PS4, Line 206:   workload.set_timeout_allowed(true);
             :   workload.set_write_timeout_millis(10000);
             :   workload.set_num_replicas(FLAGS_num_replicas);
             :   workload.set_num_write_threads(1);
             :   workload.set_write_batch_size(1);
> For the non-obvious non-default values (basically for everything except num
Done


Line 215:   int num_moves = AllowSlowTests() ? 3 : 1;
> How long does the test take to run when num_moves=1? When num_moves=3?
num_moves = 1 about 3 seconds though can vary a bit; with num_moves = 3 it's 10 
or so.


PS4, Line 236:   ClusterVerifier v(cluster_.get());
             :   NO_FATALS(v.CheckCluster());
> Would it be useful to run this after every move rather than just at the end
CheckCluster() is basically a checksum ksck plus a check of the opids.
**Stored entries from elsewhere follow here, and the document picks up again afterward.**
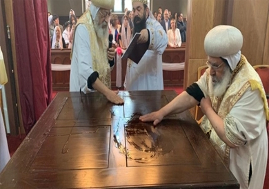 ووصل قداسة البابا تواضروس الثاني، في وقت سابق اليوم إلى الكنيسة، حيث تم تدشين مذبح الكنيسة وحامل الأيقونات وأيقونة البانطوكراتور في شرقية الهيكل، المعروفة باسم "حضن الآب".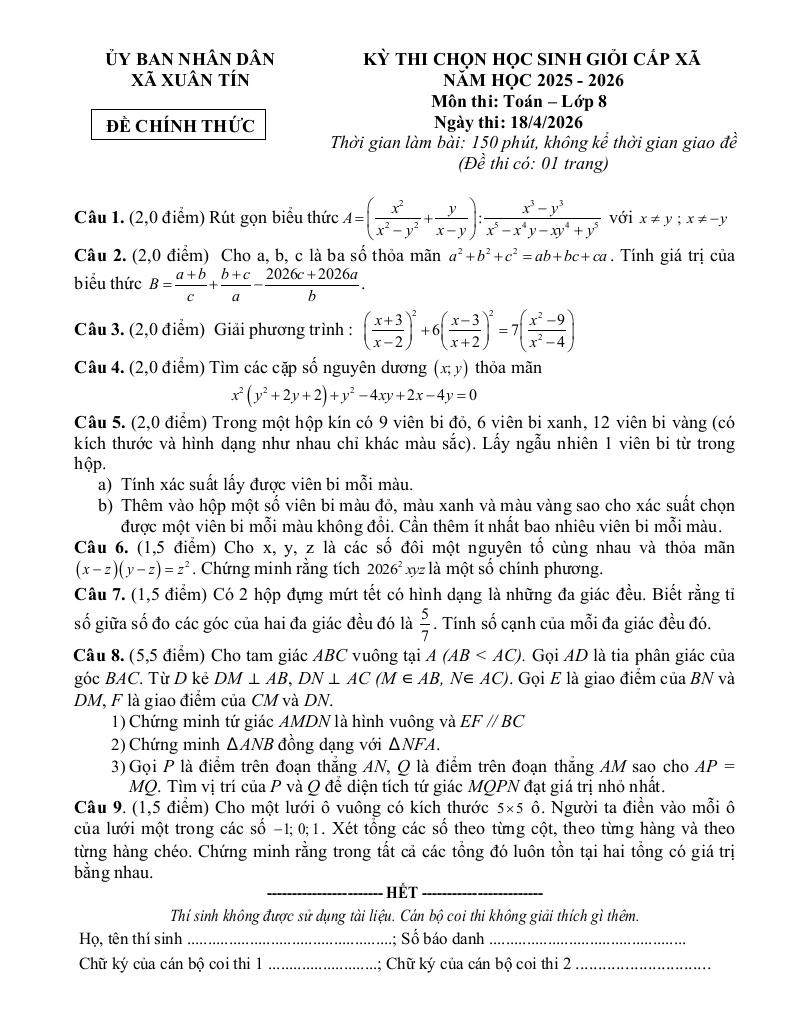 Trích dẫn Đề chọn học sinh giỏi Toán 8 năm 2025 – 2026 xã Xuân Tín – Thanh Hóa: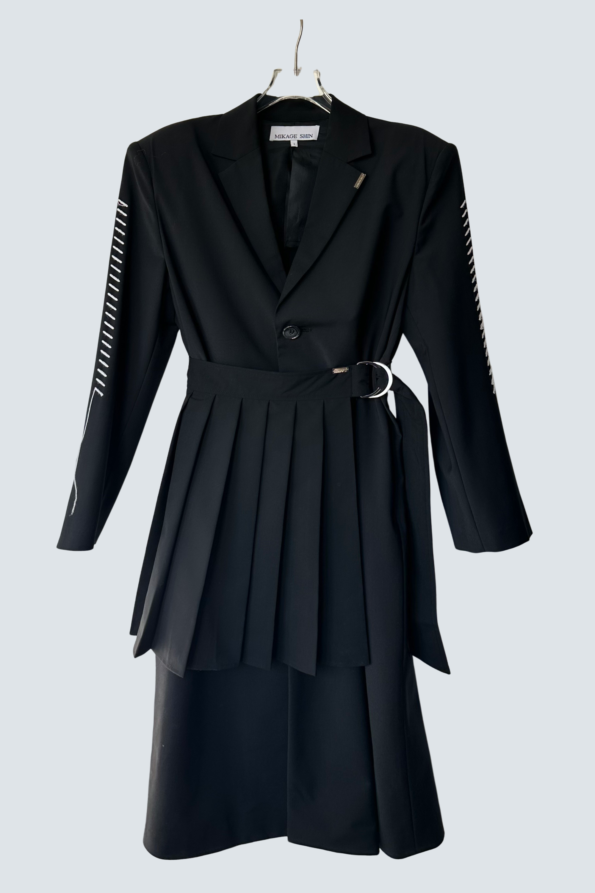 袖には、国内の刺繍職人の方とオリジナルで開発したステッチ調の刺繍を施しています。ジャケットでもシンプルになりすぎないよう、MIKAGE SHINらしい繊細かつハードなディティールを加えています。プリーツベルトは取り外して単体としてもご着用いただけます。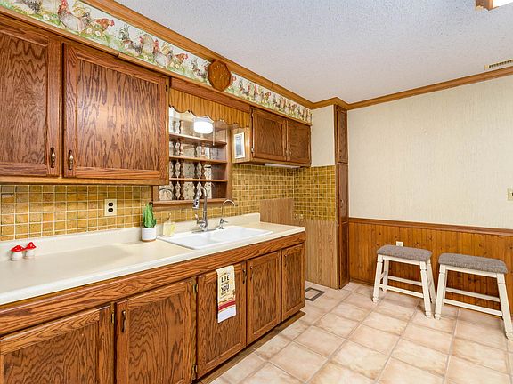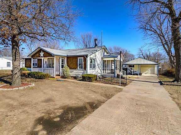 Welcome to this charming ranch-style home with a unique blend of comfort and functionality. Nestled on a spacious lot, this 4 bedroom 2 bathroom property offers a perfect combination of cozy living spaces and a practical oversized garage with an attached shop, catering to both the discerning homeowner and those with a penchant for hobbies or projects. Additional features include, a gas grill, screened in side porch, covered dog run, green house space, and a storm shelter. A standout feature of this property is the expansive garage with an attached workshop. The oversized dimensions provide ample space for multiple vehicles, storage, and the pursuit of hobbies or DIY projects. Outside of the garage and shop there are two storage sheds as well. One bedroom is located in the detached garage, great for guests visiting or even multi-generational families that may utilize the area. New roof and water heater installed in 2022.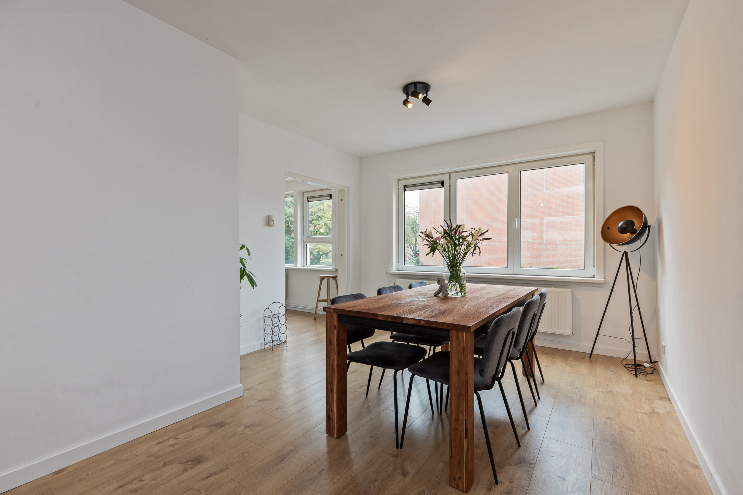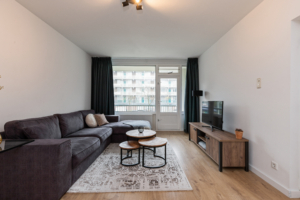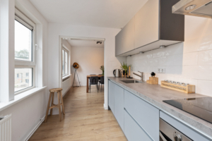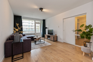 Bij binnenkomst betreed je de hal die toegang biedt tot alle vertrekken. De woonkamer vormt samen met de open keuken een prettige en lichte leefruimte. Dankzij de strakke afwerking en de moderne inrichting voelt het appartement direct verzorgd en instap klaar aan.

We're 
running ksck as part of the tool action and we have to wait in the loop for the 
opids to converge so we know that the new server has applied the new config and 
ksck will not see a consensus conflict, so I think we effectively run it as 
part of the loop :)


http://gerrit.cloudera.org:8080/#/c/7444/4/src/kudu/tools/tool_action_tablet.cc
File src/kudu/tools/tool_action_tablet.cc:

Line 45: 
> Do you think it'd be more useful to express these timeouts in terms of seco
Done


Line 46: DEFINE_int64(relocate_copy_timeout_ms, 30000,
> 30s doesn't seem like enough time for a tablet copy when tablets may be gig
I upped it to ten minutes.


Line 123:   std::shared_ptr<KsckMaster> master;
> Let's add using std::shared_ptr.
Done


Line 130:   std::shared_ptr<Ksck> ksck(new Ksck(cluster, null_stream));
> Why do we need to allocate Ksck on the heap and store it in a shared_ptr? C
Done


Line 334:   while (MonoTime::Now() < deadline) {
> I think it'd be nice to reuse proxies in these loops, to avoid the overhead
Done


Line 356:     SleepFor(MonoDelta::FromMilliseconds(500));
> Why not 1000 ms here?
Just hoping to be a bit faster since replicating an op should be faster than 
holding an election, and asking for the current opid from one server is less 
onerous than running ksck.


Line 366:   const string& rem_replica_uuid = FindOrDie(context.required_args, 
kRemReplicaUuidArg);
> See below: "replica UUID" is a misnomer since this UUID uniquely identifies
You are technically correct (the best kind of correct), but the name makes 
sense to me in context because the UUID identifies the replica uniquely within 
the tablet. However, a user might not have the same mental context and "tserver 
uuid" would likely be clearer for them. I'd like to hear what Mike thinks about 
renaming "replica UUID" -> "server UUID" or "tablet server UUID".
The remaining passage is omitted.